#### ABOUT THIS TASK:
Using the material below, print a verbatim copy of every line from the one containing "実家片付けでのお困りごと・お悩みはどうぞご遠慮なくお聞かせください。" through the one containing "最初はお父さん・お母さんと一緒に手遊びをしましたよ♪", inclusive, and omit the pictures.

#### MATERIAL FOR THIS EXERCISE:
◇ ◇ ◇

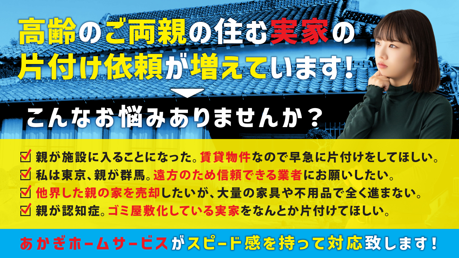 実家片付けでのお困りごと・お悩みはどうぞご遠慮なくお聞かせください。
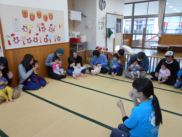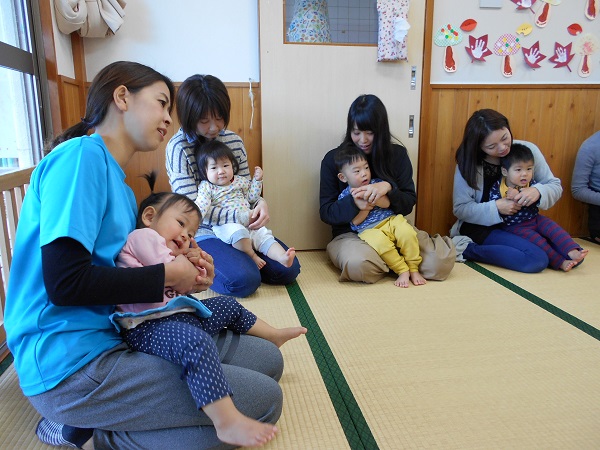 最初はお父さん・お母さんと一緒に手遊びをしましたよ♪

◇ ◇ ◇

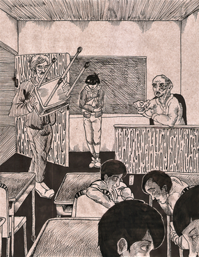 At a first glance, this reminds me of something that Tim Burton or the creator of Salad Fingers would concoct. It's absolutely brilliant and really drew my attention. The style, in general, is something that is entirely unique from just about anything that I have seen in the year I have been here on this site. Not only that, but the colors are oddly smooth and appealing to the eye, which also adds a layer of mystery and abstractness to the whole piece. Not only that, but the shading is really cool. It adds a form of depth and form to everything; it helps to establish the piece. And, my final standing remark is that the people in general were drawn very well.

◇ ◇ ◇

#### PROBLEM SOLUTION:
 実家片付けでのお困りごと・お悩みはどうぞご遠慮なくお聞かせください。
 最初はお父さん・お母さんと一緒に手遊びをしましたよ♪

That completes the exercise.